You could use some comprehensions to simplify the code.

first = min(min(data) for (key, data) in my_data.items() if "LastFirst_" in key)
last = max(max(data) for (key, data) in my_data.items() if "LastFirst_" in key)
9
On

Use the * operator to unpack the values:

>>> my_data = {'LastFirst_1':[1, 4, 5], 'LastFirst_2':[2, 4, 6]}
>>> d = [item for k,v in my_data.items() if 'LastFirst_' in k for item in v]
>>> first = 2
>>> last = 5
>>> min(first, *d)
1
>>> max(last, *d)
6
4
On

The min and max functions are overloaded to take either multiple values (as you use it), or one sequence of values, so you can pass in iterables (e.g. lists) and get the min or max of them.

Also, if you're only interested in the values, use .values() or itervalues(). If you're interested in both, use .items() or .iteritems(). (In Python 3, there is no .iter- version.)

If you have many sequences, you can use itertools.chain to make them one long iterable. You can also manually string them along using multiple for in a single comprehension, but that can be distasteful.

import itertools

def flatten1(iterables):
    # The "list" is necessary, because we want to use this twice
    # but `chain` returns an iterator, which can only be used once.
    return list(itertools.chain(*iterables))

# Note: The "(" ")" indicates that this is an iterator, not a list.
valid_lists = (v for k,v in my_data.iteritems() if "LastFirst_" in k)
valid_values = flatten1(valid_lists)
# Alternative: [w for w in v for k,v in my_data.iteritems() if "LastFirst_" in k]  

first = min(valid_values)
last = max(valid_values)

print first, last

If the maximum and minimum elements are NOT in the dict, then the coder should decide what to do, but I would suggest that they consider allowing the default behavior of max/min (probably a raised exception, or the None value), rather than try to guess the upper or lower bound. Either one would be more Pythonic.

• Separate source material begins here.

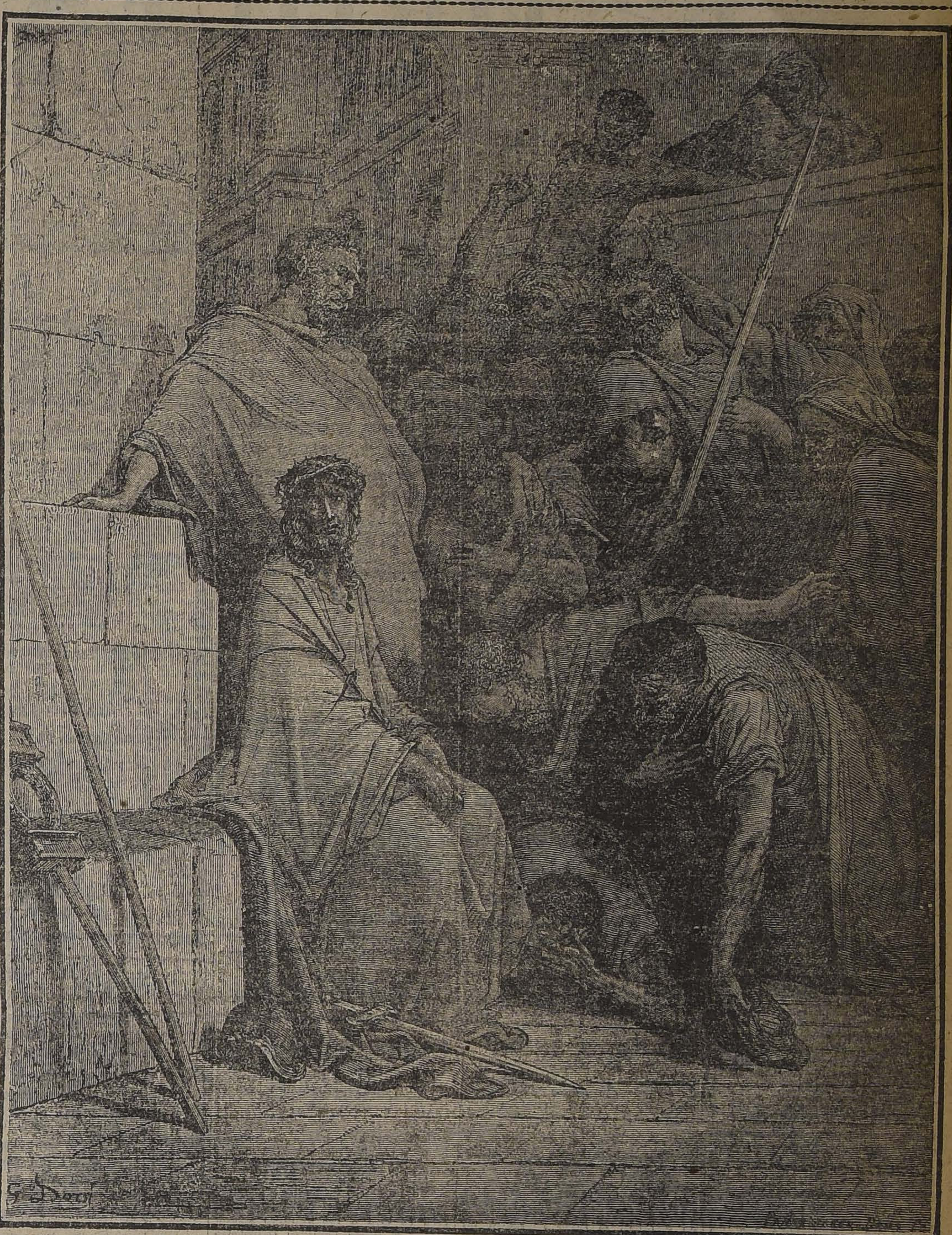
62.—Y saliendo fuera Pedro, lloró amargamente. 63.—Y los hombres que tenían a Jesús se burlaban de él, hiriéndolo. 64.—Y cubriéndolo, herían su rostro, y preguntábanle, diciendo: "Profetiza quién es el que te hirió". 65.—Y decían muchas otras cosas injuriándole". SAN LUCAS, Cap. 22.

In Python 3, you may specify a default argument, e.g. max(valid_values, default=10000).

4
On
my_data = {'LastFirst_a': [1, 2, 34000], 'LastFirst_b': [-12000, 1, 5]}

first = 10000
last = -10000

# Note: replace .items() with .iteritems() if you're using Python 2.
relevant_data = [el for k, v in my_data.items() for el in v if "LastFirst_" in k]
# maybe faster:
# relevant_data = [el for k, v in my_data.items() for el in v if k.startswith("LastFirst_")]

first = max(first, max(relevant_data))
last = min(last, min(relevant_data))

print(first, last)